Please retype the records below exactly, from the first line through the line containing "Denne katten dukket", and leave out any pictures.
──────
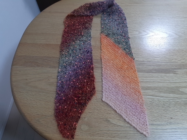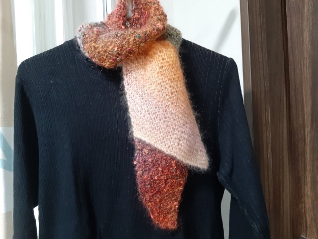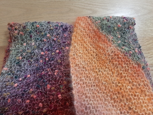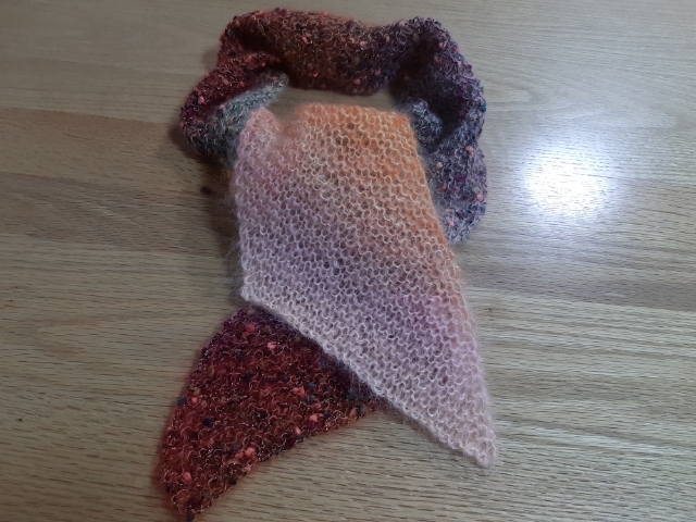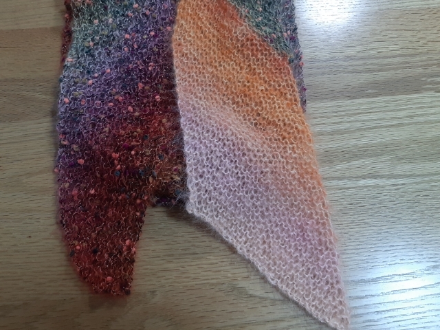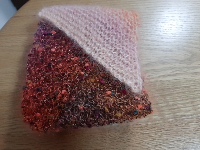 リッチモアの毛糸(グラデーションモヘアとトッピングモール)を2本引き揃えて編んでいます。
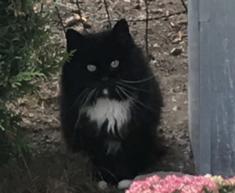 Denne katten dukket opp igjen i Bjønneroa i Hillestad i ettermiddag. Håper at noen savner denne pusen. Den var her hver dag i sommer, så forsvant den en lang periode men dukket opp igjen i går. Er veldig sky og skeptisk så ikke lett å komme innpå. Den dristet seg opp på terassen i går men så fort den fikk øye på meg gikk den unna og holdt seg på avstand etter det.
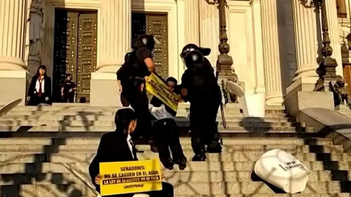 Un grupo de activistas de Greenpeace fue detenido en la explanada del Congreso de la Nación, durante una manifestación contra el proyecto de reforma de la Ley de Glaciares que el oficialismo busca aprobar en el Senado.
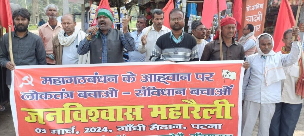 रेलवे, हवाई अड्डा, बैंक, एल आई सी, कल कारखाने को बेचने वाली बेशर्मी से विकास की बात करने लगी है। उन्होंने कहा कि स्थानीय सान्सद नित्यानंद राय ने एक भी लोगों को तो रोजगार नहीं दिया, लेकिन लोन लेने और कर्जदार बन जाने के लिए प्रेरित करता है। सभा को संबोधित करते हुए जिला स्थाई समिति सदस्य फूलबाबू सिंह ने कहा कि इलेक्ट्राॅल बान्ड के माध्यम से भाजपा ने 5271 हजार करोड़ देशी एवं विदेशी पूँजीपतियों से अवैध चुनावी चन्दा लेकर पिछला लोकसभा चुनाव लङा था। जिसका जांच सर्वोच्च न्यायालय द्वारा किया जा रहा है। उन्होंने कहा कि भाजपा सरकार अब तक के सबसे बड़ा महा घोटाला में फस चुकी है। प्रखंड सचिव गंगा प्रसाद पासवान ने अपने सम्बोधन में हजारों लोगों को पटना “जन विश्वास रैली ” में 03 मार्च को शामिल होने का अपील किया। सभा को प्रखंड कमिटी सदस्य मो फरमान, राज कुमार कुलकर्णी, अमरजीत पाल, मन्जय महतो, राम बलि सिंह, राज कुमार चौरसिया, नवीन कुमार सिंह, मोहम्मद सकूर, रोहित कुमार, सहित अन्य लोगों ने सम्बोधित किया।
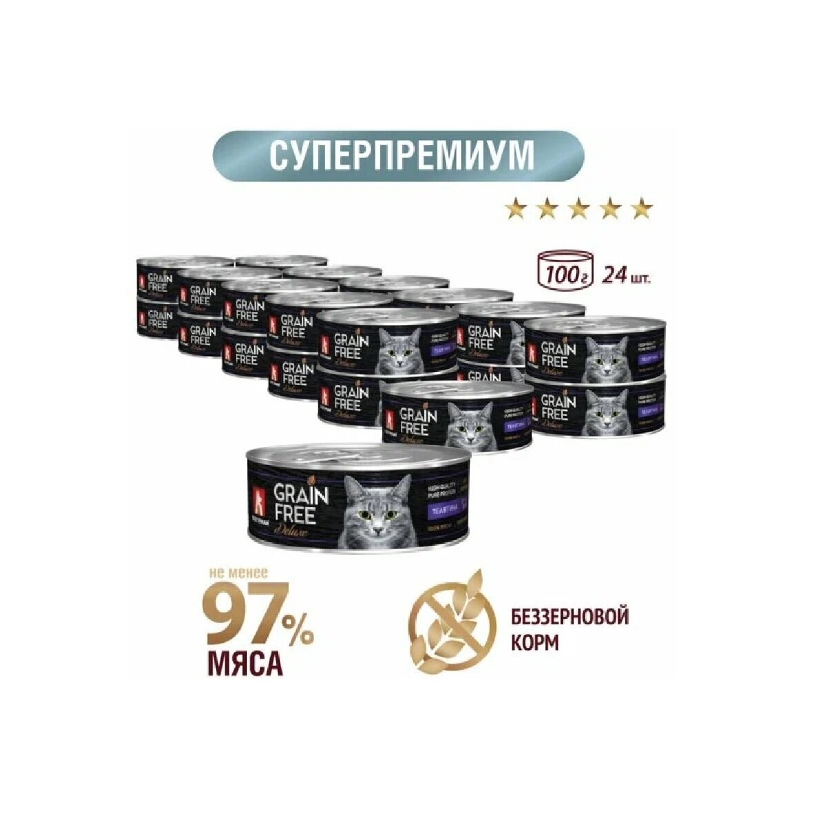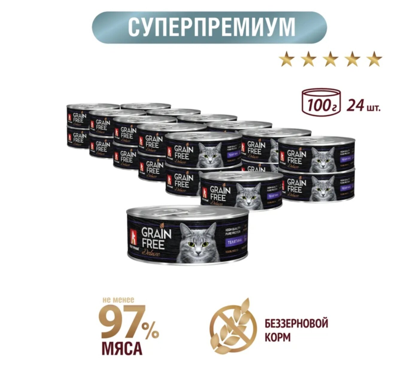 Зоогурман GRAIN FREE DELUXE беззерновые для взрослых кошек с телятиной банка 100 грNEW 100 гр х 6 шт
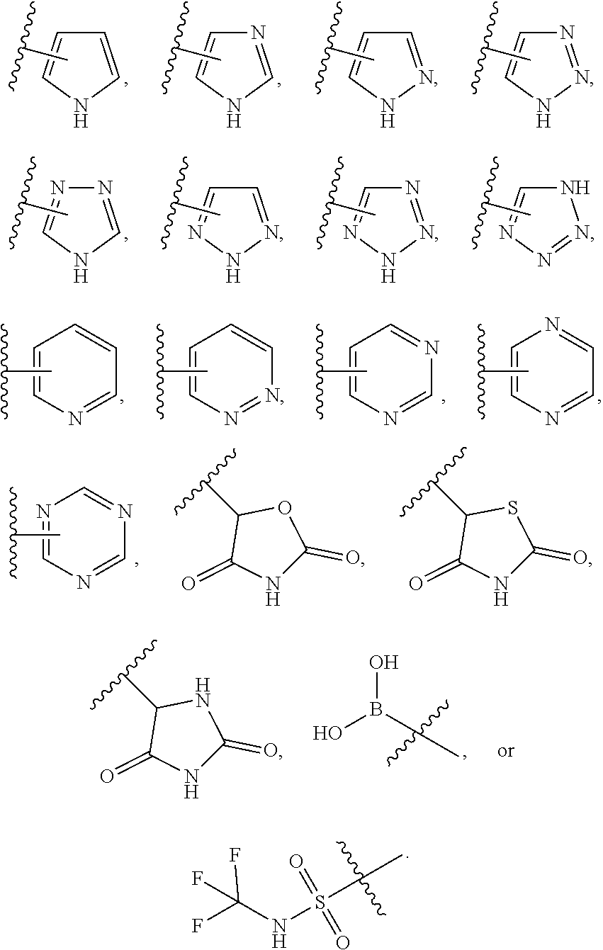 A is a substituted or unsubstituted 5- or 6-membered heterocyclic ring having at least one nitrogen heteroatom, boronic acid or
──────
* Task answer:
 リッチモアの毛糸(グラデーションモヘアとトッピングモール)を2本引き揃えて編んでいます。
 Denne katten dukket opp igjen i Bjønneroa i Hillestad i ettermiddag. Håper at noen savner denne pusen. Den var her hver dag i sommer, så forsvant den en lang periode men dukket opp igjen i går. Er veldig sky og skeptisk så ikke lett å komme innpå. Den dristet seg opp på terassen i går men så fort den fikk øye på meg gikk den unna og holdt seg på avstand etter det.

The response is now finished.